マルウェアは、検出を回避するために異常なプログラミング言語に頼っています

Blackberry Research and Intelligenceの研究者は、マルウェアの興味深い傾向に焦点を当てた新しいレポートを公開しました。研究論文は、レーダーの下で気付かれずに滑ることができるマルウェアを生成するための継続的な取り組みにおいて、ますます多くのマルウェアコーダーが異常でエキゾチックなプログラミング言語に目を向け始めていることを示しています。

レポートは4つの別々のプログラミング言語に焦点を当てており、主流の外にあるものの、まだ比較的よく開発されており、強力なコミュニティの支援とリソースを利用できるため、特にそれらを束の中から選びました。

マルウェアを開発している攻撃者は、人気のあるマルウェアツールを書き直し、非常によく似た機能でゼロからコーディングし始めましたが、ベースとして新しい言語を使用しています。これにより、新しいマルウェアが既存の株と機能的に類似している場合でも、使用されているコードベースと言語が異なるという理由だけで、研究者によって識別およびカタログ化される新しいマルウェアファミリーの数が増えています。

レポートはまた、珍しいプログラミング言語を使用してローダーとファイルドロッパーの開発に注意を集中する脅威アクターの間の傾向を強調しています。

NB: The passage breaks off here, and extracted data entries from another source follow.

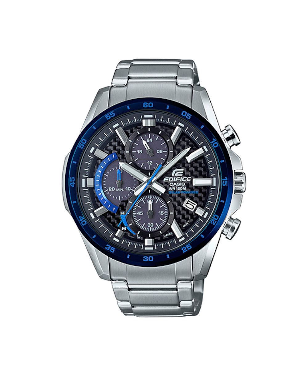 FUNCIONES: Reloj EDIFICE, 100 metros de resistencia al agua, cronógrafo, energía solar, indicador de fecha, caja y pulso en acero inoxidable, selector de fibra de carbono.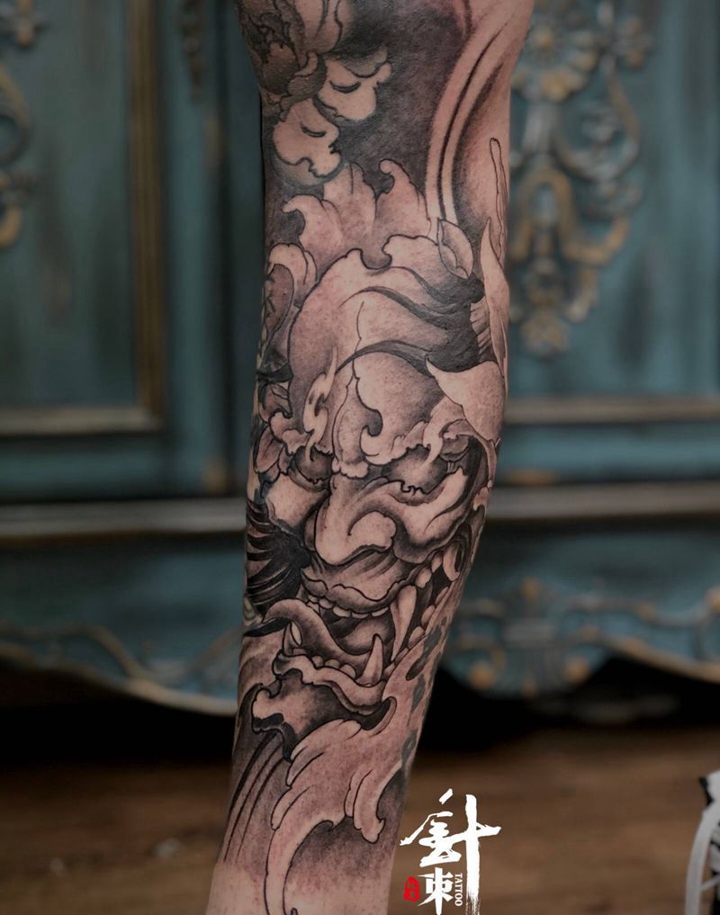 般若纹身图片_腿部纹身图案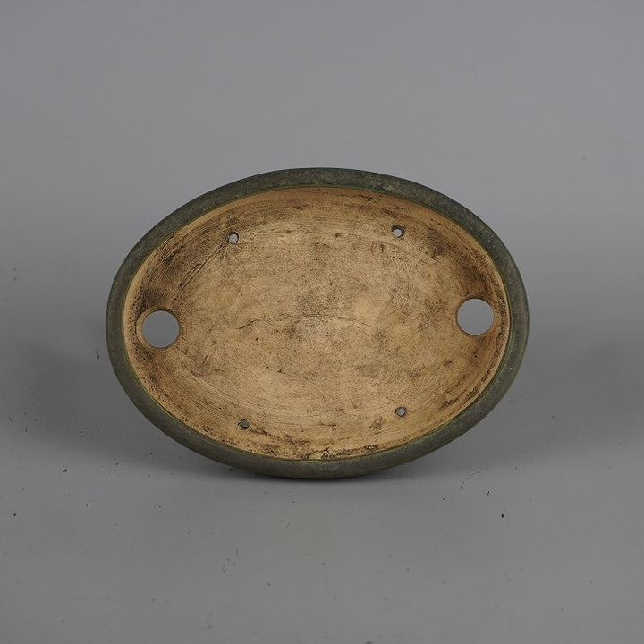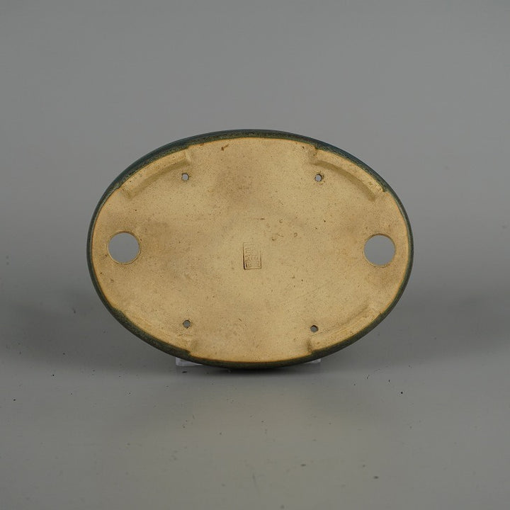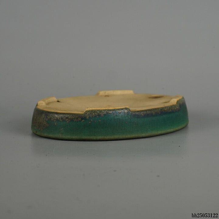 盆栽鉢 常滑 一弘造 渡辺一弘 小型 長辺 約 17.2cm 楕円鉢 釉薬 現品 中古鉢 本名:渡辺一弘 父、渡辺正山のもとで修業しながら釉薬を研究し、昭和53年頃から小品樹鉢焼成をはじめる。 タタラづくり主体の釉色樹鉢や釉色水盤、釉色は、織部、均釉、白交趾、黄交趾、瑠璃釉などが主でその中間色もあり多彩である。泥色、小品、大物の盆器を鉢・水盤ともつくる常滑の盆器作家。 作家名は「かずひろ」と読みますが、一般的に「いっこう」と訓読みされている。...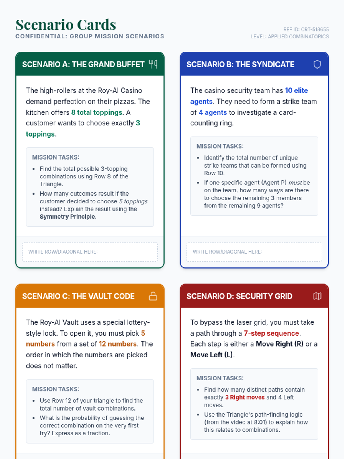 A collaborative high school math lesson where students use Pascal's Triangle to solve complex combination and probability scenarios in a high-stakes 'Casino Roy-Al' theme.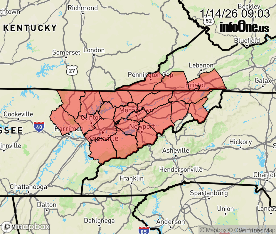Canceled 1/14/26 2:15 PM Special Weather Statement issued January 14 at 9:01AM EST by NWS Morristown TN A cold front will move across east Tennessee, southwest Virginia, and southwest North Carolina late this afternoon and evening bringing with it widespread precipitation and colder temperatures. A band of rain will move into the region then mix with and change over to snow during the evening. A brief period of accumulating snow is possible across the Plateau, southwest Virginia, northeast Tennessee, and central valley. Snowfall of a dusting to 1/2 inch is possible mainly on grassy and elevated surfaces, and up to 1 inch across the higher ridges. Snow covered roadways are possible especially across the higher terrain this evening into tonight. Stay tuned to NOAA Weather Radio and other local media for further details or updates. ![]() |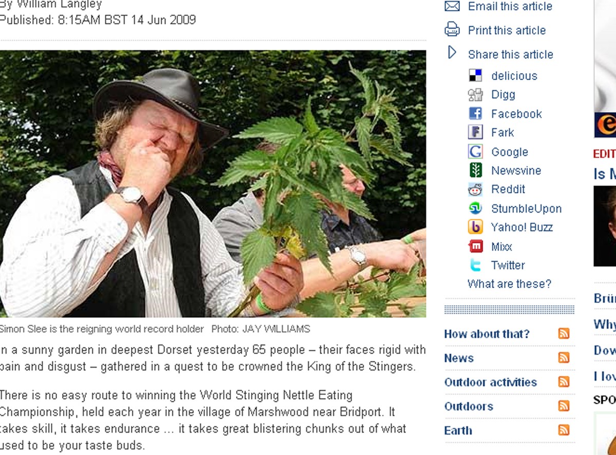 Nietypowa impreza odbywa się co rok od ponad dwóch dekad. Uczestnicy mistrzostw mają godzinę, by zjeść jak najwięcej parzących liści. Najpopularniejsza technika to zrolowanie pokrzyw w male kulki i próba połknięcia ich bez kontatku z wnętrzem jamy ustnej. Ten zabieg nie zawsze się jednak udaje, i potrafi skończyć się bolesnymi ranami.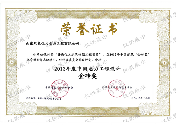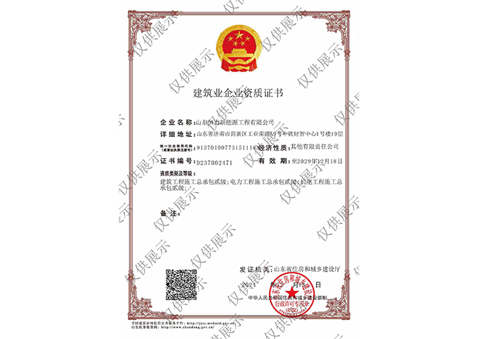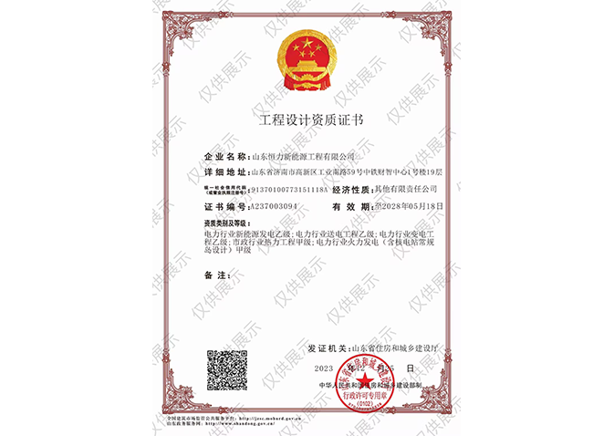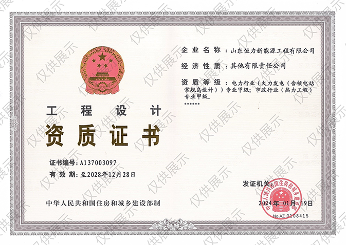 工程設(shè)計(jì)資質(zhì)證書:電力行業(yè)(火力發(fā)電(含核電站常規(guī)島設(shè)計(jì))專業(yè)甲級(jí);市政行業(yè)(熱力工程)專業(yè)甲級(jí)

研究論文で検討された言語の中で、Goは大きなハイライトとして際立っています。これは、構造的にも機能的にもC ++に似た言語であり、Goに切り替える前にGoのコンパイラも元々C ++で記述されていました。

Goの使用に多くの開発努力を集中させてきた2つの特定の重要な脅威アクターがいます。それらはAPT28とAPT29であり、どちらもロシアの領土外で活動していると考えられている脅威グループです。

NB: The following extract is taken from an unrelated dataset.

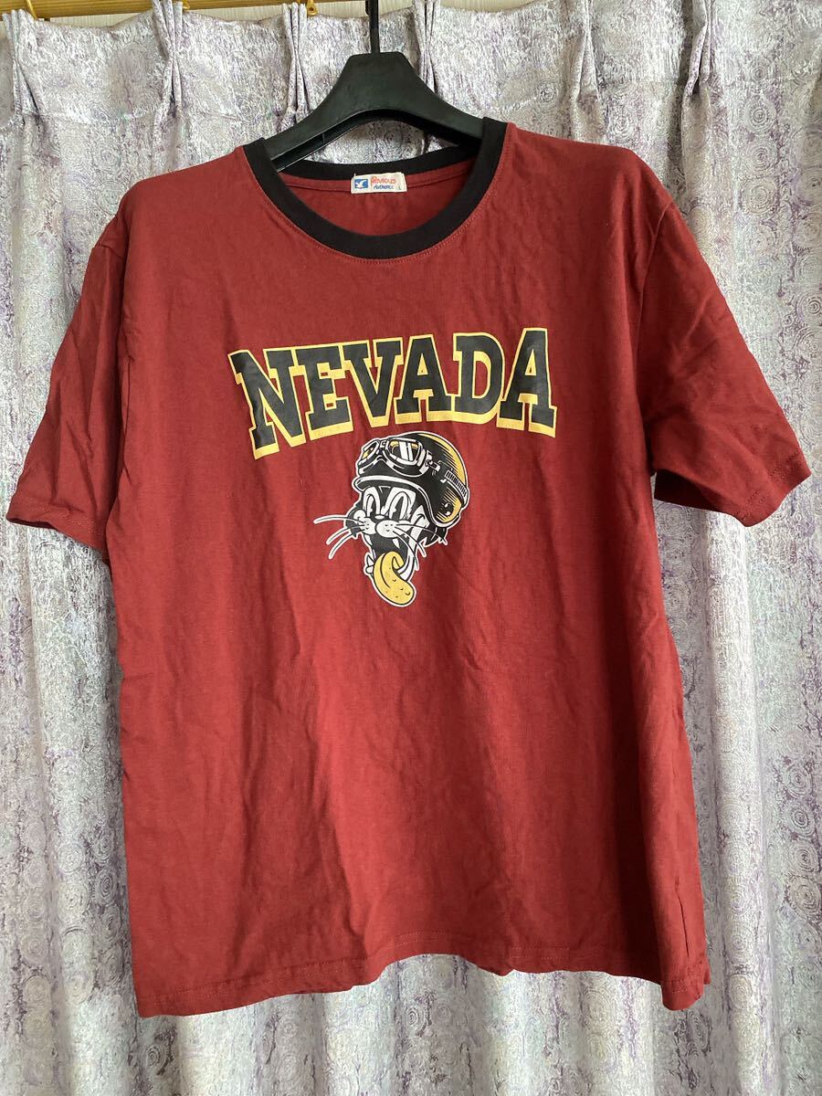 - pluvious 半袖プリントTシャツ 半袖 Tシャツ 古着 えんじ ヴィンテージ ライダー ねこ 猫 バイク メンズL NEVADA cat にゃんこ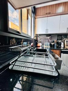 Klimatizovaný apartmán v Elegant & Contemporary Stay má 1 ložnici, kuchyň a TV s plochou obrazovkou.

マルウェア作成者の間で人気を集めている他の注目すべき言語には、Rust、Nim、Dlang、または単にDプログラミング言語が含まれます。

一部の検出メカニズムとシステムを混乱させることに加えて、エキゾチックな言語で作成およびコンパイルされたマルウェアは、より一般的な言語に焦点を当てたツールが普及しているという理由だけで、新しいマルウェアを逆コンパイルおよびリバースエンジニアリングする研究者の努力を大幅に遅らせる可能性があります。

Blackberry Researchは、マルウェア研究者が効果を発揮したいのであれば、これらの進化するトレンドに遅れずについていく必要があることを強調しました。